Long time, no journal! I really need to get back in the habit of writing here at least every other week, especially now that my life is finally settling back down a bit.
On Monday, I start teaching what should be the last live class I teach until Fall 2025, a statistics class for computer science, robotics, and engineering students. Of course, me being who I am, there will be card counting and poker theory woven into some of the lessons. Hey, if you’re not having fun doing math, then you’re doing it wrong!
And then about 8 days after that, give or take, the decision about my sabbatical is due. I strongly suspect I’ll be given the full-year sabbatical I asked for, but it’s not a lock until I see it in writing from the provost.
My writing and editing are going well. I finished the fifth draft of Blood Game and have a handful of queries out there for it.
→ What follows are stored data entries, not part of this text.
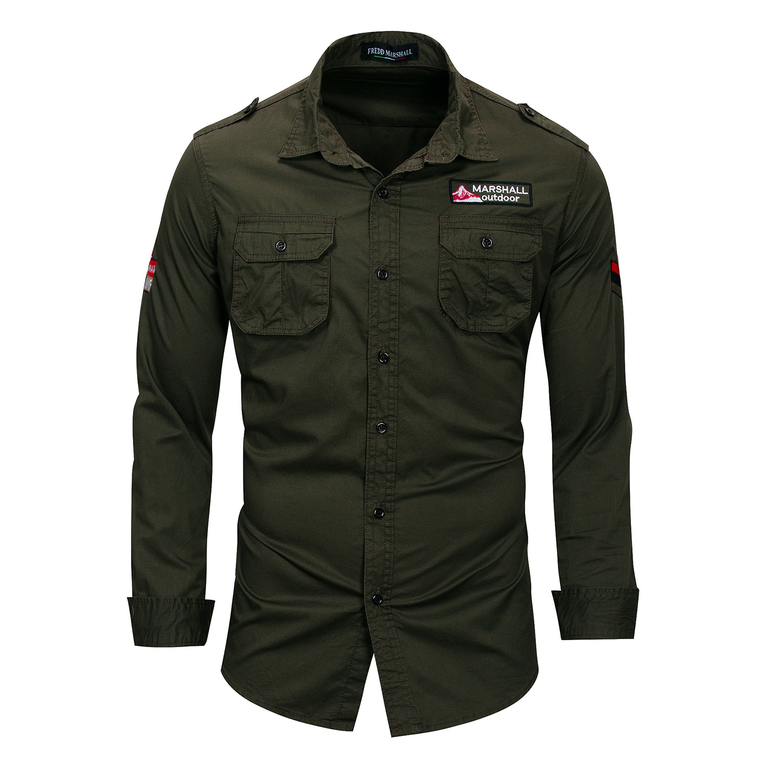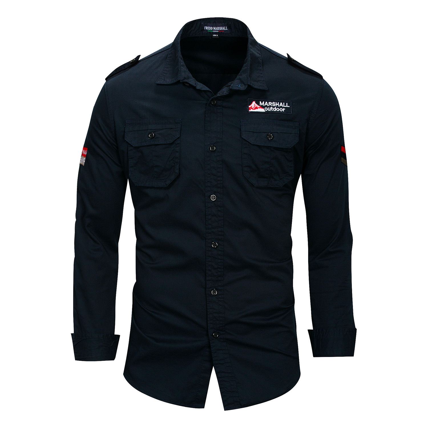 유럽과 미국 플러스 사이즈 남자의 긴 소매 옷깃 셔츠 면 야외 군사 캐주얼 포켓 셔츠 아마존 115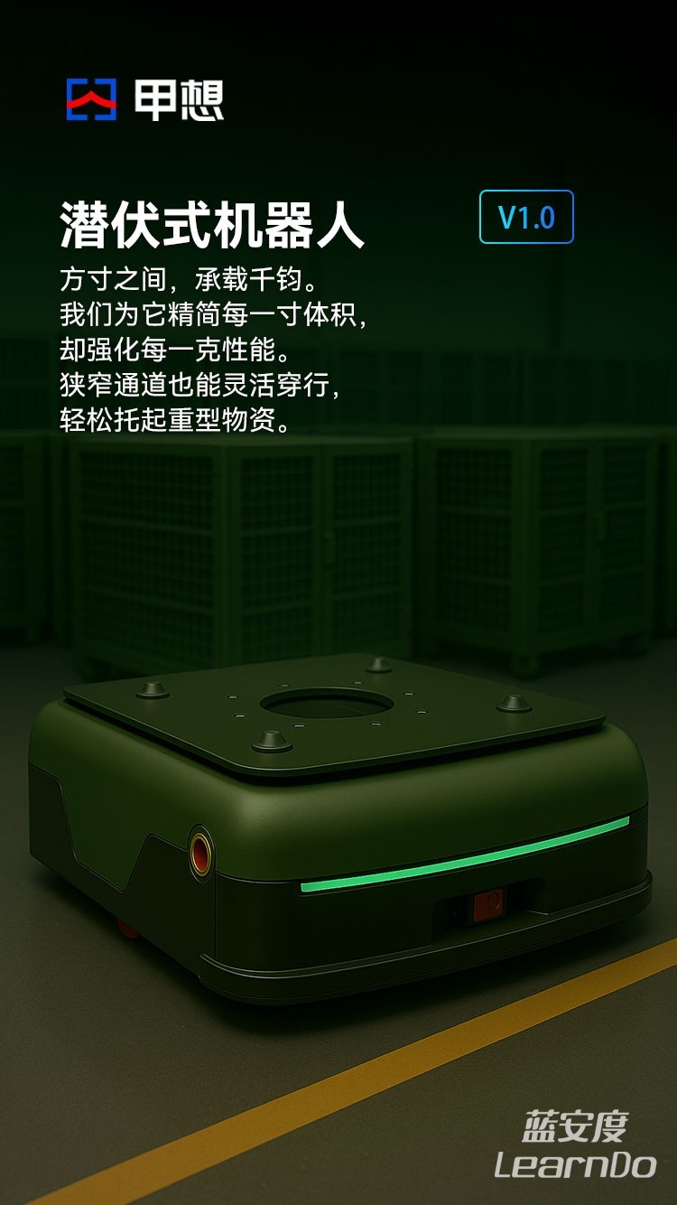 这款机器人采用低姿态潜伏结构设计,可精准对接军用物资笼、装备托盘,具备自主导航、路径规划、动态避障、集中调度等多项功能。整机使用军绿色隐身涂层,支持全天候任务运行,适配复杂仓储环境。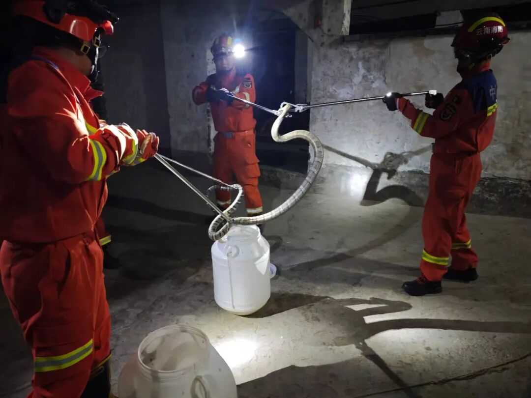 根据现场情况,消防员手持捕蛇器小心靠近,找准时机迅速出击,牢牢夹住大蛇,将其带出卧室装入桶中。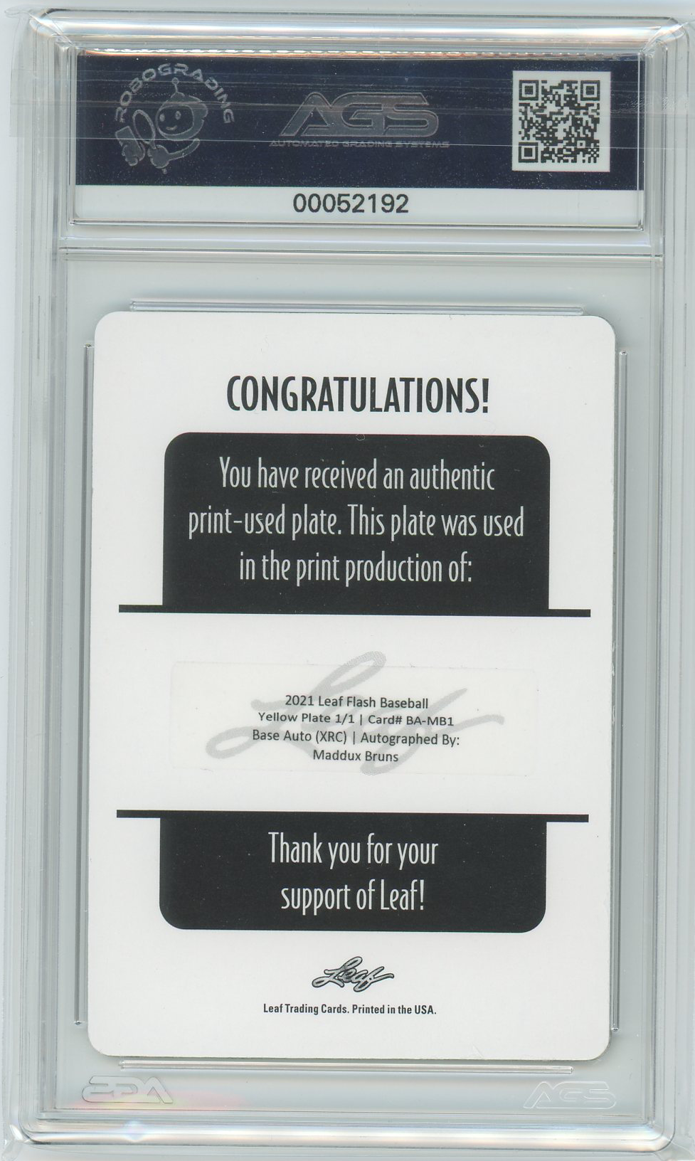 AGS (EX-MT+ 6.5) Maddux Bruns YELLOW PRINTING PLATE Serialized Autograph #1/1 - #BA-MB1 - 2021 Leaf Flash (#00052192)

Might sent forth another dozen or so over the next month if I don’t receive interest soon. But mostly I’m focusing on Crying Call, a.k.a. Book 2 in the series, which the beta readers tell me is much stronger.
I am a “plotter” to the extreme. I do an immense amount of research before I ever start outlining, and then I spend several months fine-tuning a very detailed outline, making sure every bit of science is correct, every plot point makes sense, is in the right order, and makes the appropriate references to past story or foreshadowing of future story.
It’s all connected, all planned. The outline of my first book was 28K words, more like a Draft Zero. My outline of Book 2 was only 15K words. Maybe that’s a sign I’ve learned to trust myself a little more with the flow of a book. It’s definitely not a sign I’m turning into a “plotzer” or “pantser.” Nuh uh, bro. Never gonna happen. I don’t write Word One of my first draft until the outline is solid. Realism and authenticity are very important to me.
I have an approach to writing and editing that I suspect is different from a lot of writers. When I finish the first draft, I set the manuscript aside for two months while some beta readers check it out — nothing so unusual about that. But when I finally get back to it, that’s where my approach gets strange.
The first thing I do when it’s time to get back to work is to print the manuscript out, triple-spaced, and write down every bit of beta-reader feedback in the margins. I read through it all several times, and then make a very slow and methodical pass through the entire book to see how many suggestions make sense and are incorporable. This is pretty much the only structural editing I need, because of how precisely I structure everything the first time, in the outline.
In that same pass through, I also have a checklist of things I want every chapter to have, at least where possible. Good opening line, good closing line. Descriptions involving as many of the senses as possible. The raising of questions, and the answering of previous questions. Conflict. Emotion. Action. A whole pageful of boxes to check. Few chapters check every box, but every chapter has to check a lot of them or repairs are in order.
I’m nearly finished with that process for Crying Call — I expect to be one this week-end, or early next week. That’s the second draft.
I then immediately start working on the third draft, which is a different process. For that round of editing, I go through the text line-by-line addressing common writing issues. Reducing passive language. Avoiding excessive “I” statements (because I write first person). Tightening the prose, as in “don’t use twelve words when eight will do.” Changing out words to improve the rhythm and flow of the words as they’re read. And, of course, fixing typos and misspellings. That takes a week or two, and that’s the third draft.
I queried Blood Game with the third draft, and I’ll probably do the same with Crying Call. By no means do I believe the third draft is good enough to publish — I’m on the fifth for Blood Game, and I expect to do a few more edits before I self-publish, or if it gets picked up by a publisher, then probably much more editing than that.
Editing is where the good turns into the great. I think of it like painting. The outline is like the pencil marks on a canvas that guide you. The first draft is putting a picture down with broad brushes. And with each draft beyond the first, the brushes get smaller and finer, and the picture becomes clearer, more vivid, and more beautiful.
So I’ll be finished with a query-worthy draft of Crying Call by the end of January, hopefully. I’ll probably send it one week in advance to one particular agent who had kind words and good feedback on Blood Game before ultimately passing. Call it professional courtesy. And then I’ll start querying other agents as one normally does.
By the end of this year, I’ll have signed with a publisher, or I’ll have a solid self-publishing plan going forward. This is the year it happens, one way or the other. And that’s a good feeling.